No te preocupes por preguntar. Estamos para ayudarte hasta donde podamos. Mira el siguiente enlace: https://www.forosdeelectronica.com/about24.html
Este te pone al dia de las herramientas de diseño electronico que estan disponibles. Saludos


----------



## algp (May 26, 2009)

Hace años yo vi en una revista Elektor un diagrama de un circuito de Pad electronico que usaba como sensor un vibrador piezoelectrico similar a lo que quieres usar, si te interesa podria ver si encuentro el circuito por ahi.

Suerte.


----------



## tecnogirl (May 26, 2009)

algp: Si por favor, postealo. Saludos


----------



## algp (May 27, 2009)

Aqui el diagrama de un sistema analogico de percusion que usa un zumbador piezoelectrico.

Logicamente la etapa analogica de generacion del sonido no la necesitas en este caso, pero te puede dar una idea del rango de amplificación que requiere el piezo electrico.

Suerte.


----------



## EL GAROU (May 27, 2009)

muchas gracias por el diagrama, posteo denuevo en cuanto realize algun avance.
saludos


----------



## tecnogirl (May 29, 2009)

algp: Excelente articulo. Mira que el sensor empleado se parece al Murata  PKS1 que EL GAROU posteo.

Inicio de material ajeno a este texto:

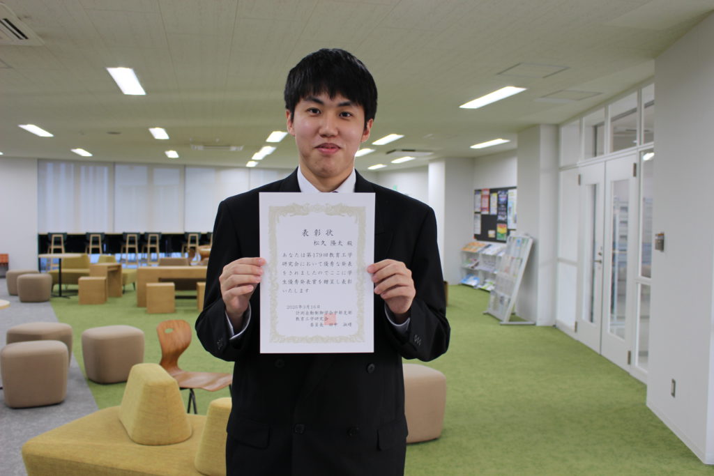 計測自動制御学会中部支部第179回 教育工学研究会にて学生優秀発表賞を受賞しました/松久隆太さん

EL GARUO: si te entendi, no quieres un instrumento sino un tipo de control MIDI remoto. En tal caso, no se si es necesario el uso de un sensor de presion. Creo que bastarian un juego de suiches  y todo el proyecto se simplificaria notablemente. Saludos.


----------



## EL GAROU (Jun 5, 2009)

bueno me he demorado un poco y la verdad me he alejado un poco del tema original, la cuestion es que me han recomendado un software para desarrollar el proyecto, se llama pure data (www.puredata.org), en sintesis es un lenguaje de programacion visual (con objetos preprogramados) orientado a la creacion de aplicaciones de audio y video, he subido el "patch" que escribi como demo del proyecto que usa el microfono como trigger (aun falta la conectividad inalambrica jajajaja), la verdad es que es relativamente simple el trabajar con perifericos con este software.
Saludos


----------



## algp (Jun 6, 2009)

Me parece muy bien que nos informes de ese programa, a alguien le podra ser util seguramente.

Sin embargo no considero muy util que nos envies un archivo en el formato propio de ese programa. Eso significa instalar el programa o no ver nada. En terminos generales no considero conveniente instalar programas que no voy a usar.

Mas interesante podria ser un "pantallazo" de tu aplicacion en el entorno grafico de puredata o algo asi.

Gracias por mantenernos informaciónrmados. Asi aprendemos todos.


----------



## tecnogirl (Jun 6, 2009)

algp: Tenes razon. Creo que la consulta tomo un rumbo inesperado y efectivamente el archivo que adjunto EL GAROU no se entiende y ya no veo nada de electronica en el sitio www.puredata. Saludos


----------



## EL GAROU (Jun 8, 2009)

Bueno aqui hay un pantallazo de la aplicacion funcionando en "PD" con algunas explicaciones por si se interesan en probarlo, pure data es freeware, open source y lo pueden descargar de la direccion que les di.
respecto al tema del "topico en si" les pregunto concisamente si ustedes creen posible hacer un enlace inalambrico entre un controlador midi y el pc mediante un telefono celular.  
Saludos


----------



## tecnogirl (Jun 8, 2009)

Ahora si entendi... MENOS. Para tu pregunta final, si se puede hacer el enlace inalambrico en mi post #4 te dije que lo mejor es usar un enlace RF (seguramente FM). Tiene que ser necesariamente via el tele celular ?. Saludos.


----------